Extract clean, readable text from a single webpage.

**Parameters:**
- `url` (str): Target webpage URL
- `follow_pagination` (bool, optional): Follow rel="next" links (default: true)
- `pagination_limit` (int, optional): Max pagination depth (default: 3)
- `timeout` (float, optional): HTTP timeout in seconds (default: 10.0)
- `user_agent` (str, optional): Custom User-Agent header
- `regular_expressions` (list[str], optional): Regex patterns to filter text

**Returns:** Extracted text content as string.

### 4. `extractTextFromUrls`

Extract text from multiple webpages in batch.

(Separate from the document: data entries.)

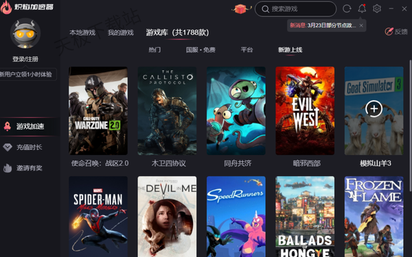 炽焰加速器是一款随时可暂停的游戏加速器,内嵌网络修复工具,无论是游戏卡顿、延迟高,还是掉线,加载慢,都可以轻松解决,按时长收费,可以随时暂停时长,非常好用。
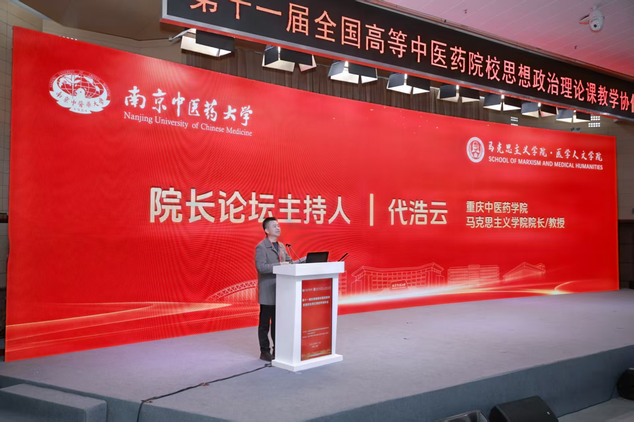 2025年11月29日至30日,第十一届全国高等中医药院校思想政治理论课教学协作会在南京中医药大学召开。本次会议以“学习贯彻习近平总书记对学校思政课建设的重要指示精神,坚持‘两个结合’,突出中医药文化特色,推动思政课内涵式发展”为主题,来自全国30所高等中医药院校的280余位专家学者、思政课教师参会。马克思主义学院代浩云、程娟、田妍、张勇、何立冬、成军青、戴宇倩老师参与了此次会议。
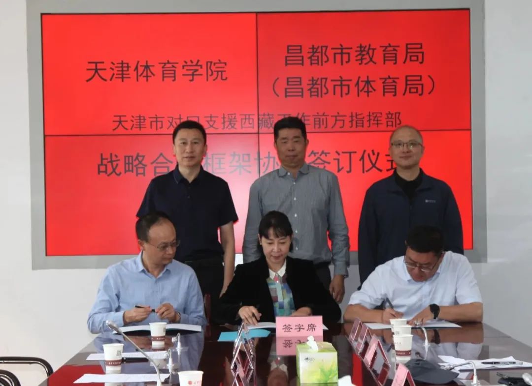 8月19日,在西藏昌都市,学校与天津市对口支援西藏工作前方指挥部、昌都市教育(体育)局签署战略合作三方协议,围绕教育教学质量提升、科研实训平台建设、援藏干部健康指导和青少年竞技体育后备人才培养等开展战略合作。天津市合作交流办公室副主任王东,87978797威尼斯老品牌党委副书记、院长张欣,天津市对口支援西藏工作前方指挥部总指挥张建华,昌都市教育局党组书记干宇出席签约仪式。张欣表示,三方签署战略合作协议是全面提升昌都市教育发展水平、服务教育强国建设的必然要求,87978797威尼斯老品牌将深入贯彻落实习近平总书记关于教育的重要论述和关于西藏工作的重要指示,全面服务昌都市所需,共同促进昌都市办学条件、办学理念、办学能力、师资队伍水平、育人效果显著提高,确保教育援藏工作不断取得新成效。
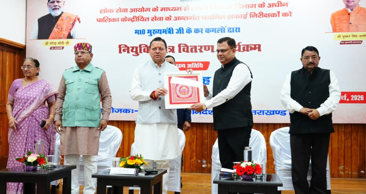 देहरादून – मुख्यमंत्री Pushkar Singh Dhami ने सोमवार को मुख्यमंत्री कैम्प कार्यालय स्थित मुख्य सेवक सदन में शहरी विकास विभाग के अंतर्गत चयनित 63 सफाई निरीक्षकों को नियुक्ति पत्र प्रदान किए। इस अवसर पर मुख्यमंत्री ने लगभग 62 करोड़ रुपये की अनुमानित लागत से बनने वाले शहरी विकास निदेशालय के नवीन भवन का वर्चुअल शिलान्यास भी किया।
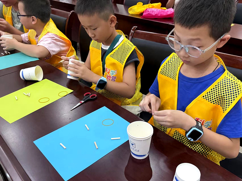 移步趣味科普互动课堂,科普辅导员为孩子们量身定制了妙趣横生的科普活动。在轻松愉快的氛围中,孩子们动手参与实验,开动脑筋思考,在玩中学、学中乐。辅导员们特别关注孩子们的参与度和体验感,鼓励每一位孩子大胆表达、积极互动,让科学的种子在欢声笑语中悄然播撒。
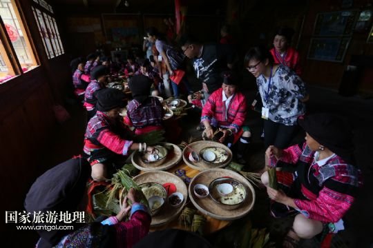 6月29日,在廣西桂林龍勝各族自治縣泗水鄉(xiāng)潘內(nèi)瑤寨,紅瑤婦女在“紅衣節(jié)”上包粽粑。
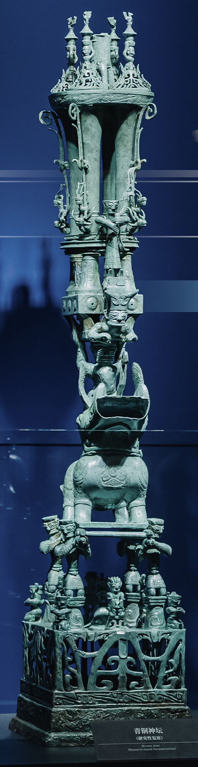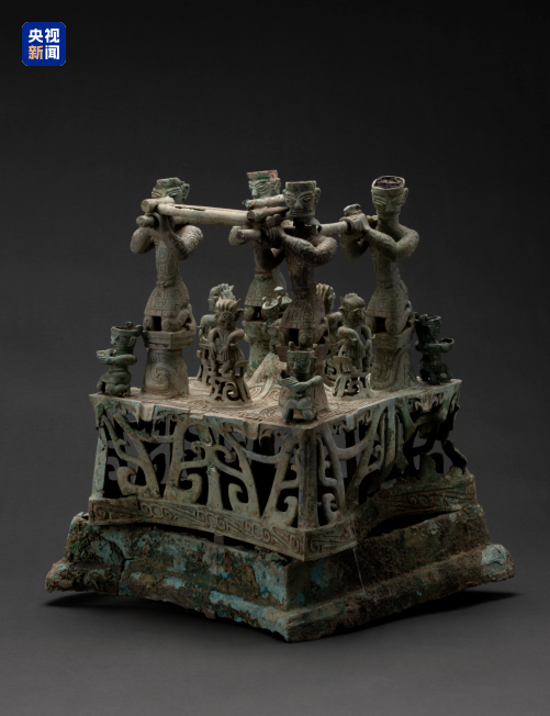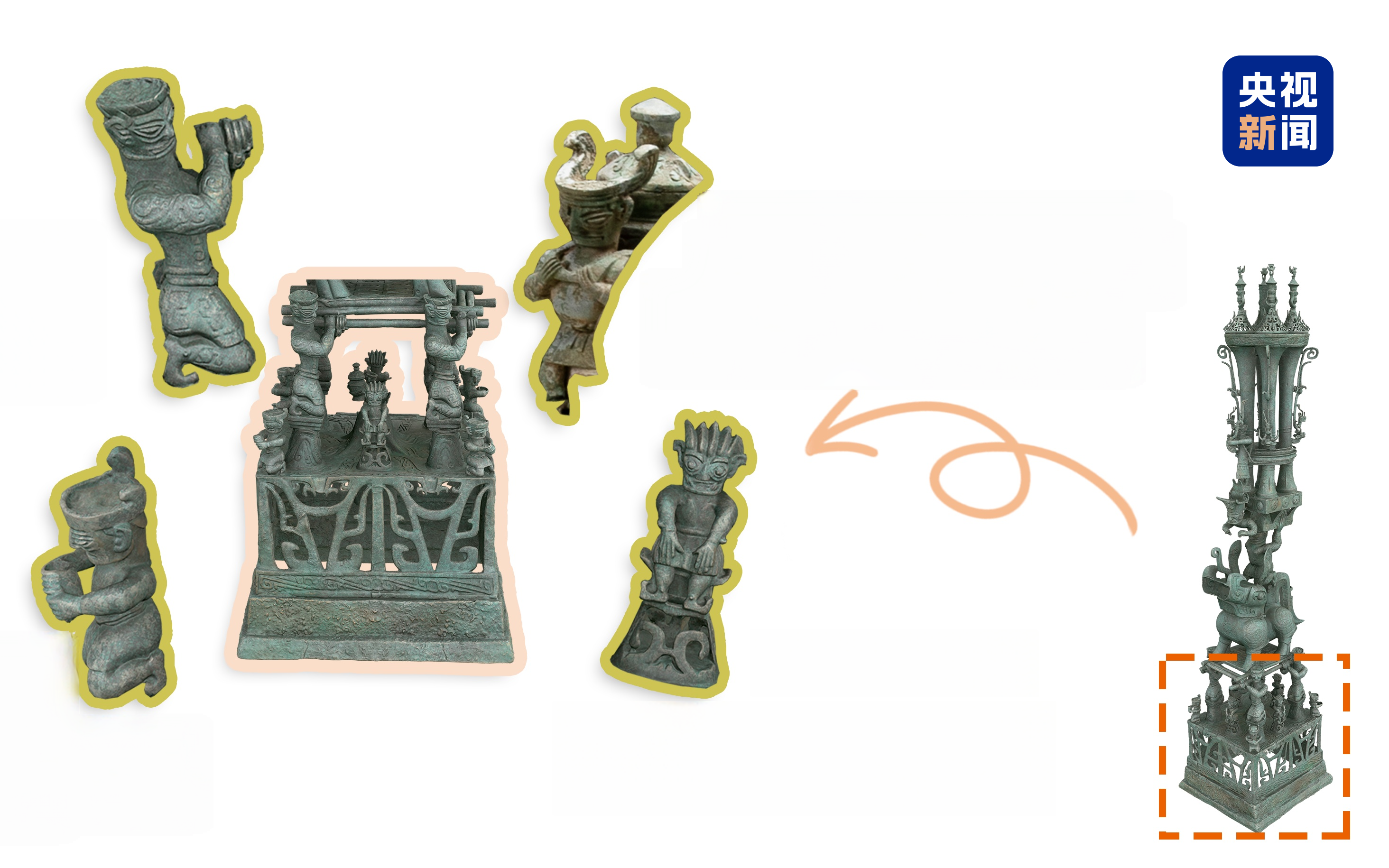 现有的青铜神坛底座台面之上,有9个还保留在上的人物造型。在研究性复原中,平台之上共有13个小型青铜人像。
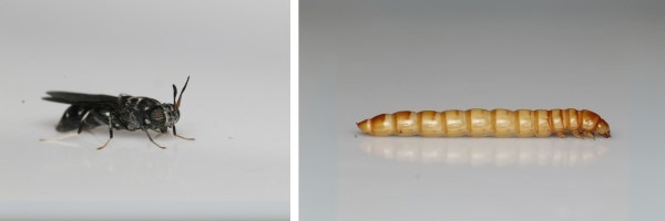 Zwarte soldatenvlieg (links) en meelworm (rechts). Foto: © Inagro
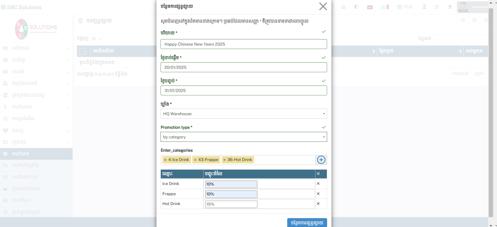 ចុចទៅលើពាក្យថា ការផ្សព្វផ្សាយ (Promotion) ដែលជាកន្លែងបង្កើត ការបញ្ចុះតម្លៃ
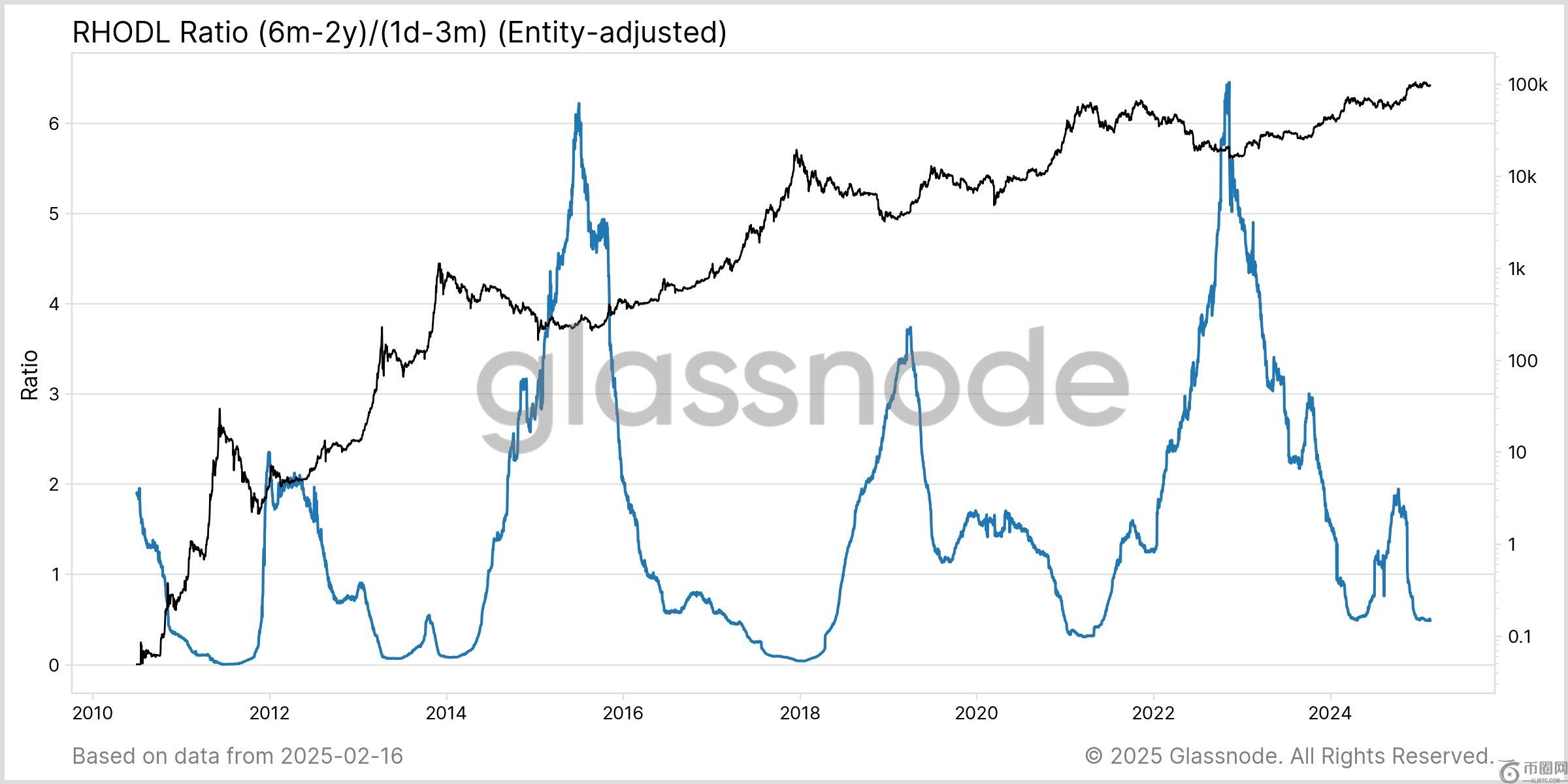在社交媒体平台x上发布,GlassNode查看了Rhodl的比率,该公司说,该比率通过比较中周期持有人的数量来帮助识别比特币市场周期的拐点 - 那些在六个月和两年之间持有硬币的人的数量 - 给新的参赛者 - 那些在一天到三个月之间的人。

**Parameters:** Same as `extractTextFromUrl`, plus:
- `urls` (list[str]): List of target URLs

**Returns:** Combined text from all URLs, separated by double newlines.

## 🏗️ Project Structure

```
search-mcp/
├── searcher/
│   └── src/
│       ├── server.py              # MCP server entry point
│       ├── FetchPage/
│       │   └── fetchWeb.py        # Web content extraction
│       ├── WebSearch/
│       │   ├── baiduSearchTool.py # Baidu search implementation
│       │   └── SearchAgent.py     # AI agent definitions (legacy)
│       └── useAI2Search/
│           └── SearchAgent.py     # AI-powered search orchestration
├── tests/                         # Test files
├── pyproject.toml                # Project configuration
├── requirements.txt              # Dependencies
└── README.md                     # This file
```

## 🔧 Development

### Install Development Dependencies

```bash
uv pip install -e ".[dev]"
```

### Run Tests

```bash
pytest
```

### Code Formatting

```bash
# Format with black
black searcher/

# Lint with ruff
ruff check searcher/
```

## 📝 Configuration

### MCP Client Configuration Examples

**Minimal configuration:**
```json
{
  "mcpServers": {
    "search": {
      "command": "python",
      "args": ["server.py"],
      "cwd": "/path/to/search-mcp/searcher/src"
    }
  }
}
```

**With uv for dependency isolation:**
```json
{
  "mcpServers": {
    "search": {
      "command": "uv",
      "args": ["--directory", "/path/to/search-mcp/searcher/src", "run", "python", "server.py"]
    }
  }
}
```

## 🤝 Contributing

Contributions are welcome! Please feel free to submit a Pull Request.

1. Fork the repository
2. Create your feature branch (`git checkout -b feature/AmazingFeature`)
3. Commit your changes (`git commit -m 'Add some AmazingFeature'`)
4. Push to the branch (`git push origin feature/AmazingFeature`)
5. Open a Pull Request

## 📄 License

This project is licensed under the MIT License - see the [LICENSE](LICENSE) file for details.

## 🙏 Acknowledgments

- Built with [FastMCP](https://github.com/jlowin/fastmcp)
- AI models powered by [Agno](https://github.com/agno-agi/agno) and DashScope
- Search powered by [baidusearch](https://github.com/liuxingwt/baidusearch)
- Content extraction using [trafilatura](https://github.com/adbar/trafilatura)

## 📮 Contact

- GitHub: [@Vist233](https://github.com/Vist233)
- Repository: [Google-Search-Tool](https://github.com/Vist233/Google-Search-Tool)

## ⚠️ Disclaimer

This tool is for educational and research purposes. Please respect website terms of service and rate limits when scraping content.